Terremoto ed aiuti alle popolazioni: l’appello del sindaco di Capri ” Invito non intraprendere iniziative autonome non coordinate”

sindaco capri de martino

Come preannunciato nei giorni scorsi il Comune di Capri, al fine di non vanificare gli sforzi che Associazioni locali e cittadini intendono intraprendere per contribuire all’assistenza delle popolazioni colpite dal sisma del 24 agosto, ha preso contatti con il coordinamento della Prefettura e della Protezione Civile di Napoli.

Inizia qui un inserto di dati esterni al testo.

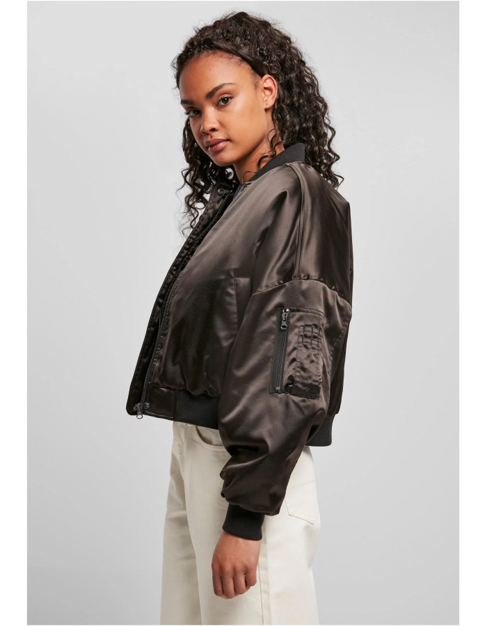 Dámská krátká oversized saténová bomber bunda černá 3XL
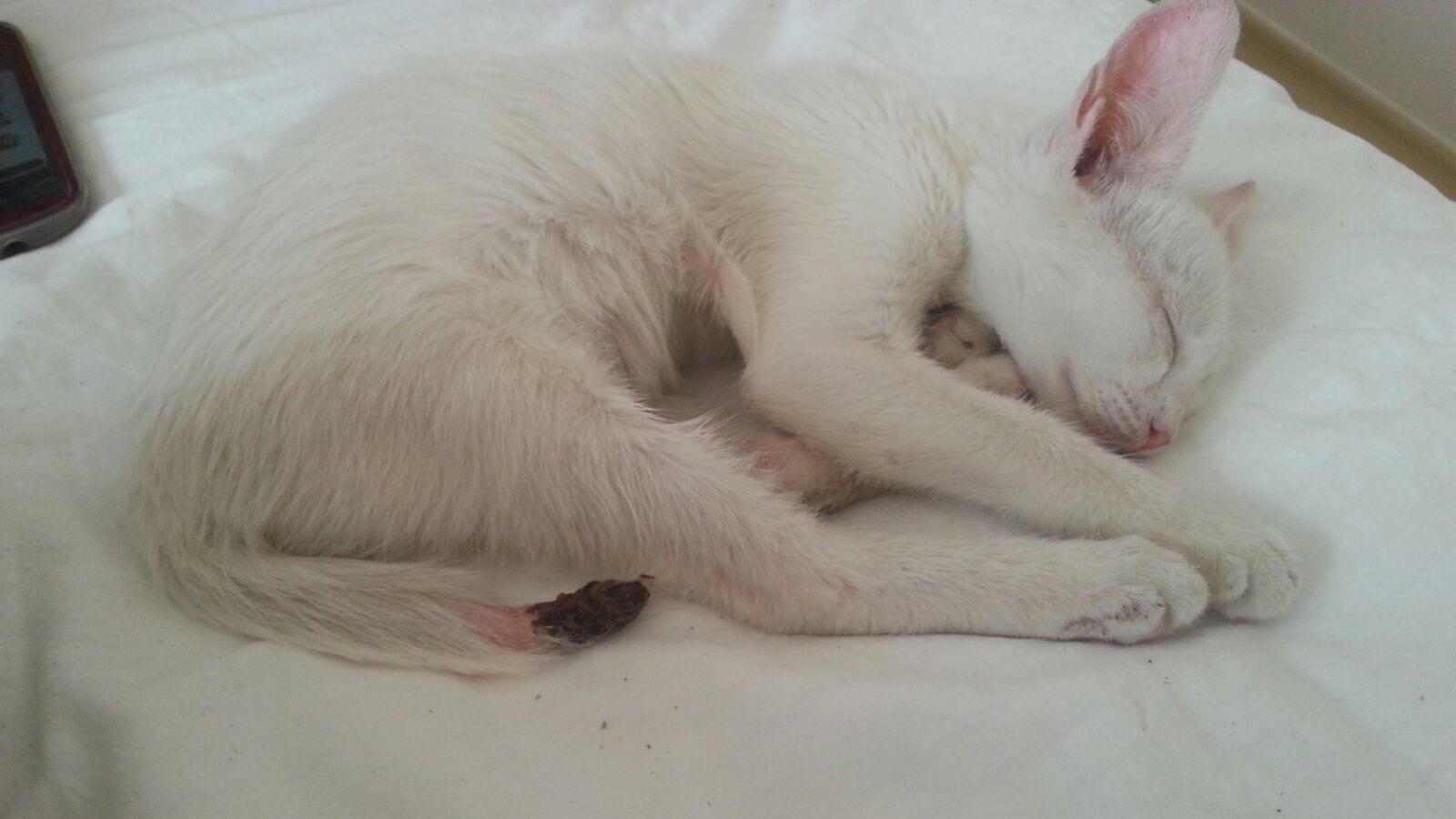Pocky war ein halb verhungerter kleiner Streuner am Strand. Sein Schwanz war wahrscheinlich von Ratten angefressen worden.
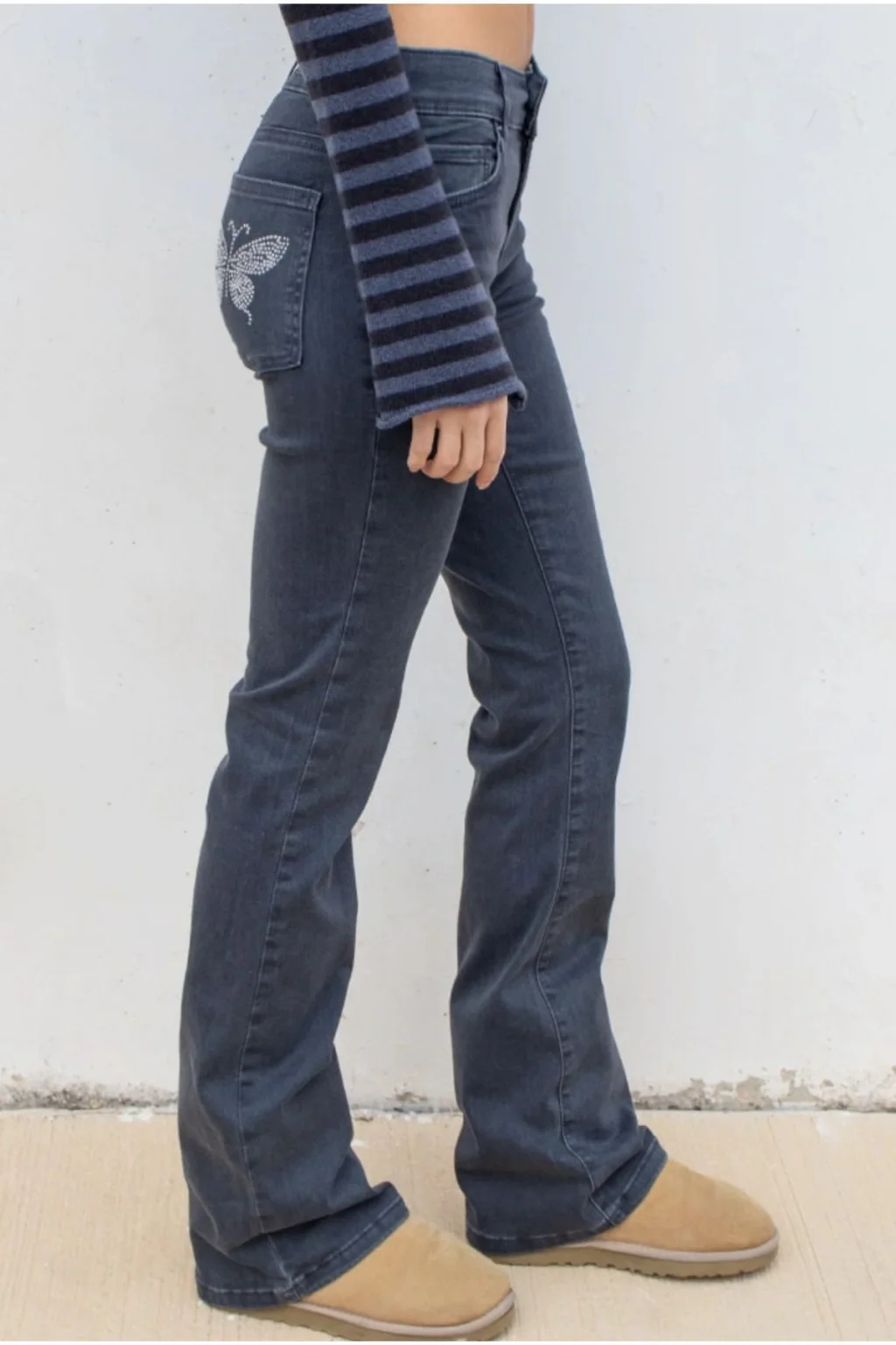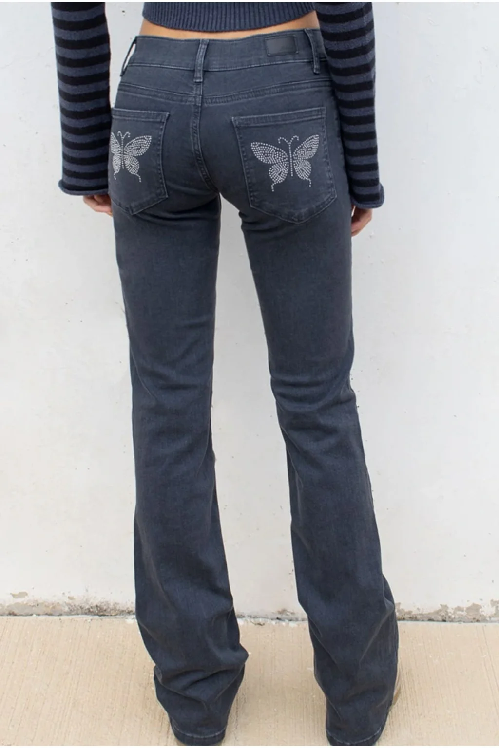 Kelebek Cepli Düşük Bel Kot Pantolon

Tali istituzioni hanno dato indicazioni e raccomandazioni di non intraprendere iniziative autonome non coordinate opportunamente con le organizzazioni dei soccorsi in quanto si correrebbe il rischio di trovarsi di fronte alla impossibilità di fornire i necessari aiuti alle popolazioni colpite e, quindi, di sprecare risorse umane e materiali che, invece, potrebbero risultare sicuramente più utili nei prossimi giorni quando, subito dopo l’emergenza generale, l’attenzione sul disastro tenderà sicuramente a scemare.

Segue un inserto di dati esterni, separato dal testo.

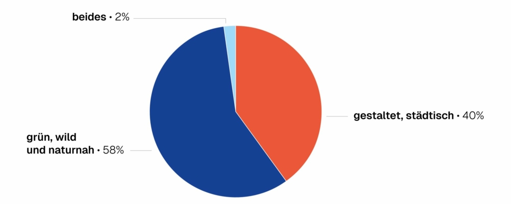 In einer Frage ging es darum, wie sich BürgerInnen das Gelände selbst und das Freigelände vorstellen würden. Ein ruhiges, erholsames oder lieber lebendig und aktives Gelände? Und die Freiflächen, sollen sie grün, wild und naturnah sein oder eher einer städtischen Gestaltung folgen?
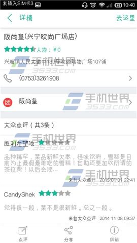 3)进入到导航,点击下方的店铺名称,进入到详情页面,这里可以看到【团购】信息,也可以【点评】美食。(如下图)
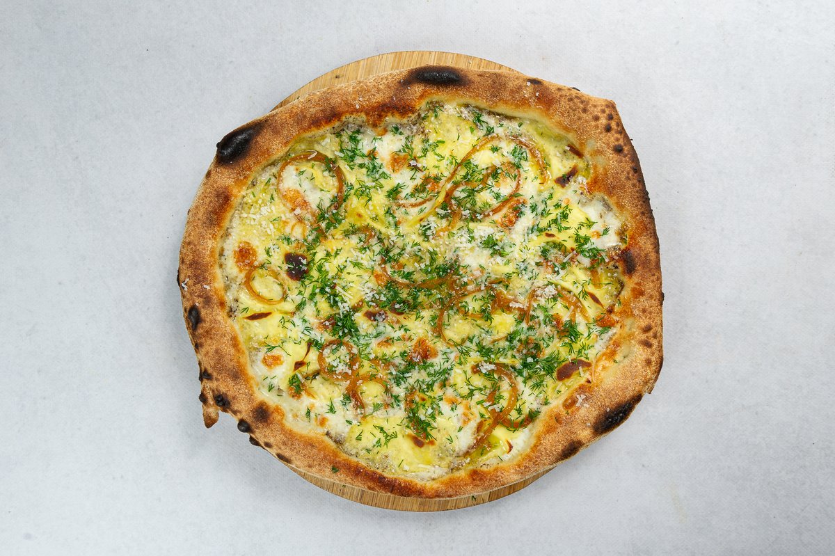 Truflowy sos, mozzarella, cebula marynowana, plasterki ziemniaka, koperek, parmezan

La Protezione Civile e la Prefettura di Napoli si sono riservate di far conoscere a questo Comune le prossime esigenze, in termini di risorse umane e materiali, che risulteranno utili a continuare nell’opera di assistenza e sostegno alle popolazioni colpite dal sisma.

L’Amministrazione Comunale ha comunicato direttamente ai Sindaci dei territori coinvolti, oltre al cordoglio ed alla solidarietà della popolazione caprese, la disponibilità a partecipare ai necessari aiuti che si manifesteranno anche nel breve termine.
In ragione di quanto sopra si invitano le Associazioni locali che già si sono attivate e quelle che si attiveranno per contribuire alle azioni di sostegno a continuare nelle loro generose iniziative, ma di coordinare, con il Comune, a sua volta coordinato da Protezione Civile e Prefettura, quanto indispensabile affinché tutti gli sforzi non risultino vanificati.